### WHAT TO DO
Take the records below and set down exactly the lines from the one with "Lekcję o kwiatach" to the one with "(竹岡農園野菜セット、創作料理翔 特製ポン酢、原木椎茸、 西村清月堂 俵もなか)", ends included; do not copy the pictures.

### DATA EXCERPTS
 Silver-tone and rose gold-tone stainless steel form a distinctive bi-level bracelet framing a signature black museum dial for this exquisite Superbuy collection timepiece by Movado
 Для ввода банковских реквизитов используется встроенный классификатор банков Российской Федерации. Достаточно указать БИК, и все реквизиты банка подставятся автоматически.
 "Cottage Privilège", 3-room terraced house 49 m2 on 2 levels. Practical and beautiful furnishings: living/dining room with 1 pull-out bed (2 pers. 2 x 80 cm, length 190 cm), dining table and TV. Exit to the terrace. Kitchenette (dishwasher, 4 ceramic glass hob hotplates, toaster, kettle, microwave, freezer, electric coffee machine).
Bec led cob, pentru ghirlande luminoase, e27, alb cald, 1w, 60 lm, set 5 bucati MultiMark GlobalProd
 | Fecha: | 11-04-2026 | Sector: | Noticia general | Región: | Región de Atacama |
* * *
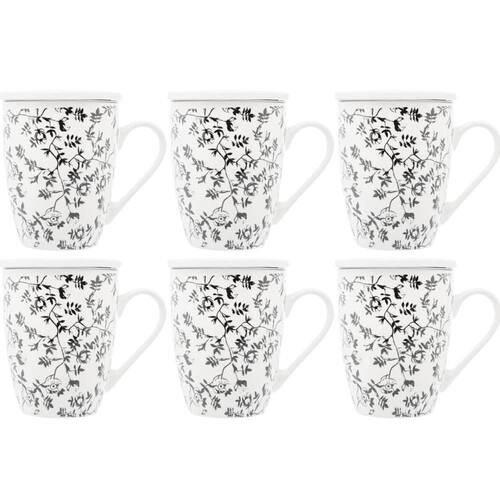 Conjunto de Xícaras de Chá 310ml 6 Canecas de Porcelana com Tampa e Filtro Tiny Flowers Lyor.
...
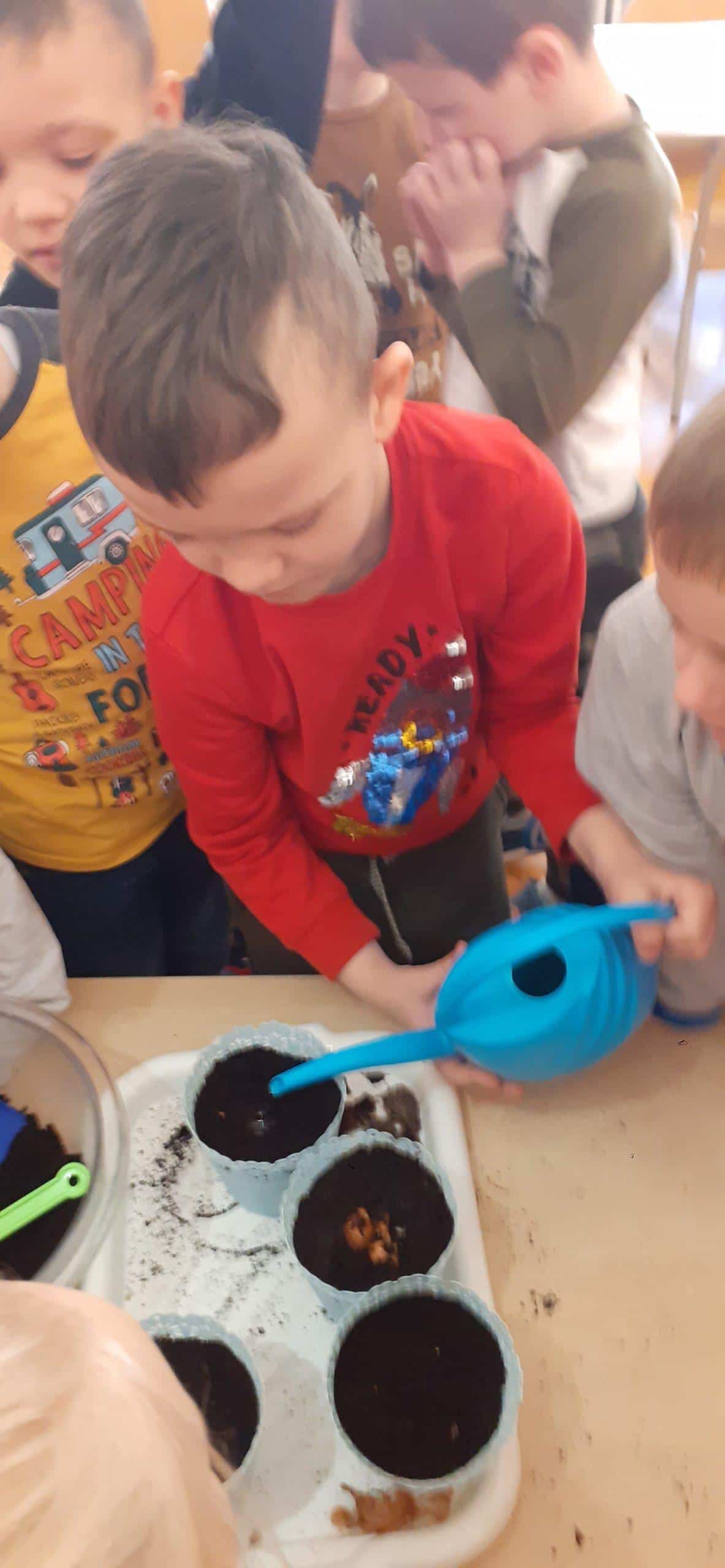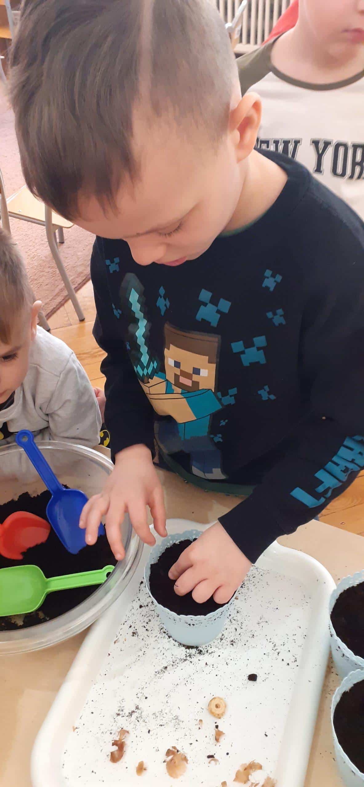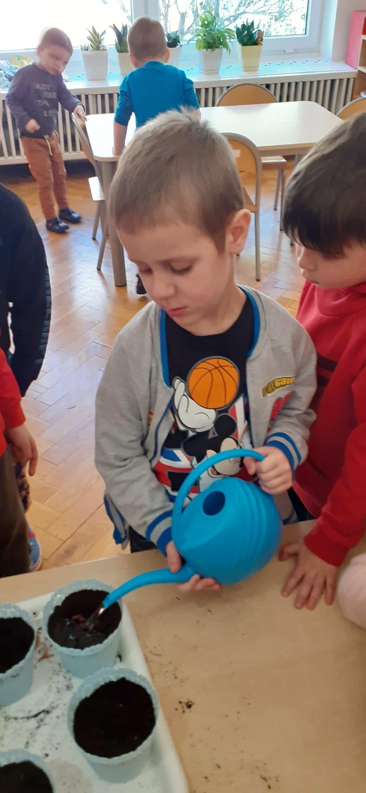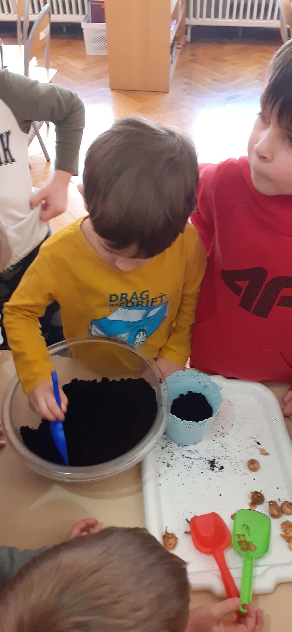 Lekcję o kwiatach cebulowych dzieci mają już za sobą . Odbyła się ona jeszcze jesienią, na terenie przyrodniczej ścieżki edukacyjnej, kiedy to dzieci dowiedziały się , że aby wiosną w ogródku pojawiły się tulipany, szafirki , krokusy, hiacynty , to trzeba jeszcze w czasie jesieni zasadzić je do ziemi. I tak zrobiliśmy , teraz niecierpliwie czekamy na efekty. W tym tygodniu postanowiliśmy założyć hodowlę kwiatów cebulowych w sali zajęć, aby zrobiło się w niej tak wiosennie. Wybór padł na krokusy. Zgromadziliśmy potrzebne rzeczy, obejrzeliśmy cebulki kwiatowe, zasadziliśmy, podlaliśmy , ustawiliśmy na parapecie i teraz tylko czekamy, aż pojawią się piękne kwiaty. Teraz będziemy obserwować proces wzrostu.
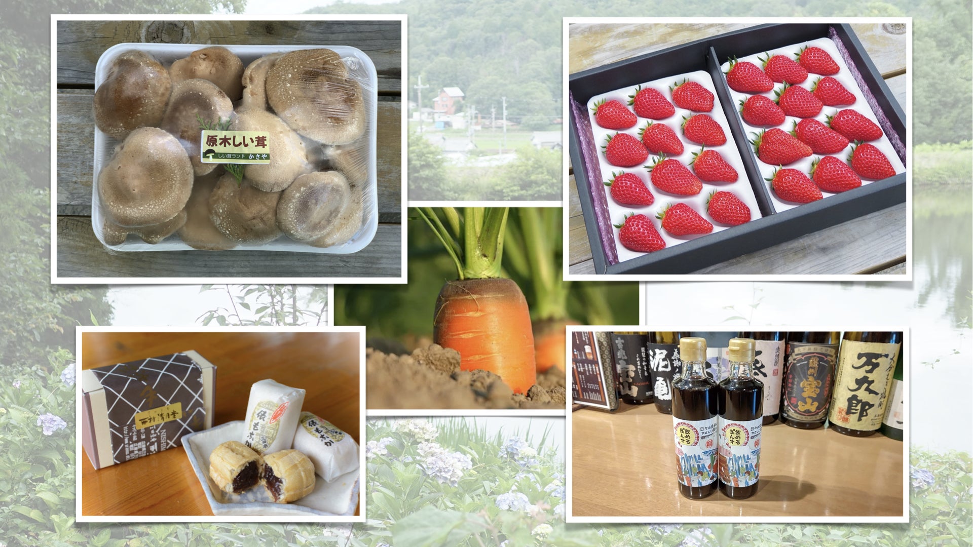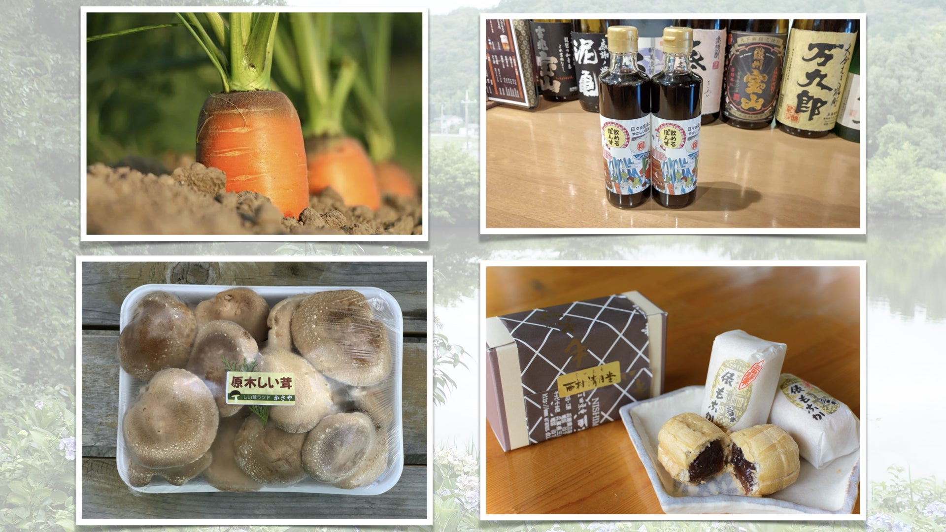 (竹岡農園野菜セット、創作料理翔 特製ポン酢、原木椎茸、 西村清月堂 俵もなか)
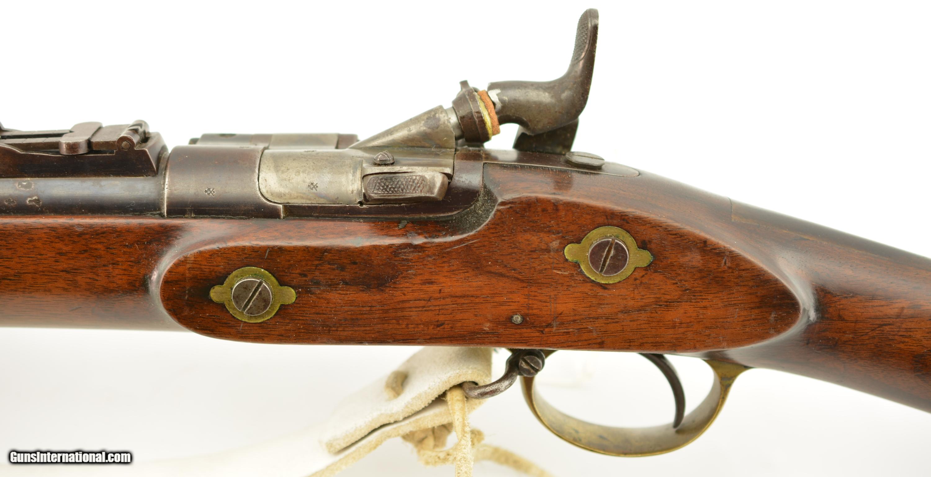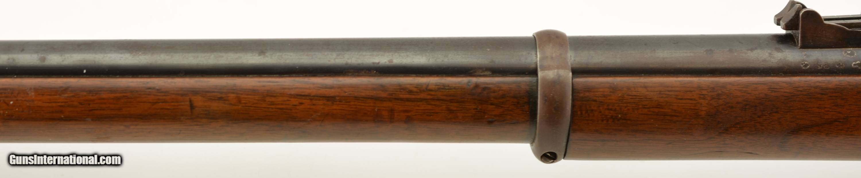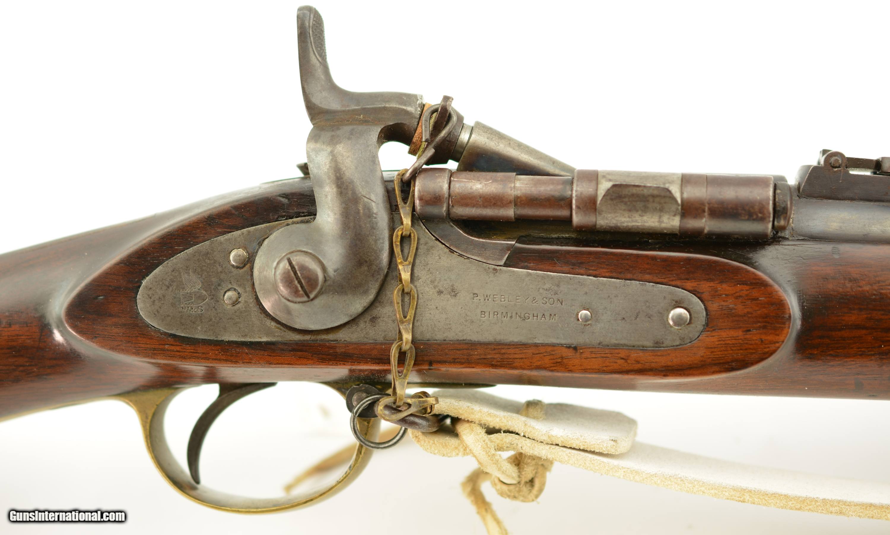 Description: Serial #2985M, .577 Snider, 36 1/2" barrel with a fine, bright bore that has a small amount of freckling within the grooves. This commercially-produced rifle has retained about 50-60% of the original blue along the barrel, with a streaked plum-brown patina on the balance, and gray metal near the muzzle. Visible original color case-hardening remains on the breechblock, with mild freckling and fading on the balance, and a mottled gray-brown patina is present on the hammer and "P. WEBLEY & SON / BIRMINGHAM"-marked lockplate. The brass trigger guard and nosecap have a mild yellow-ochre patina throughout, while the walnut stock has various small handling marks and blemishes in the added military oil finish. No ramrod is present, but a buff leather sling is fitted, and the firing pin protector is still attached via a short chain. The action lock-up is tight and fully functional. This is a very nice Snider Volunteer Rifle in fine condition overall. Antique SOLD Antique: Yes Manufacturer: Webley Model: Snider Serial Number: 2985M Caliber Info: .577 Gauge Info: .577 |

### EXPECTED ANSWER
 Lekcję o kwiatach cebulowych dzieci mają już za sobą . Odbyła się ona jeszcze jesienią, na terenie przyrodniczej ścieżki edukacyjnej, kiedy to dzieci dowiedziały się , że aby wiosną w ogródku pojawiły się tulipany, szafirki , krokusy, hiacynty , to trzeba jeszcze w czasie jesieni zasadzić je do ziemi. I tak zrobiliśmy , teraz niecierpliwie czekamy na efekty. W tym tygodniu postanowiliśmy założyć hodowlę kwiatów cebulowych w sali zajęć, aby zrobiło się w niej tak wiosennie. Wybór padł na krokusy. Zgromadziliśmy potrzebne rzeczy, obejrzeliśmy cebulki kwiatowe, zasadziliśmy, podlaliśmy , ustawiliśmy na parapecie i teraz tylko czekamy, aż pojawią się piękne kwiaty. Teraz będziemy obserwować proces wzrostu.
 (竹岡農園野菜セット、創作料理翔 特製ポン酢、原木椎茸、 西村清月堂 俵もなか)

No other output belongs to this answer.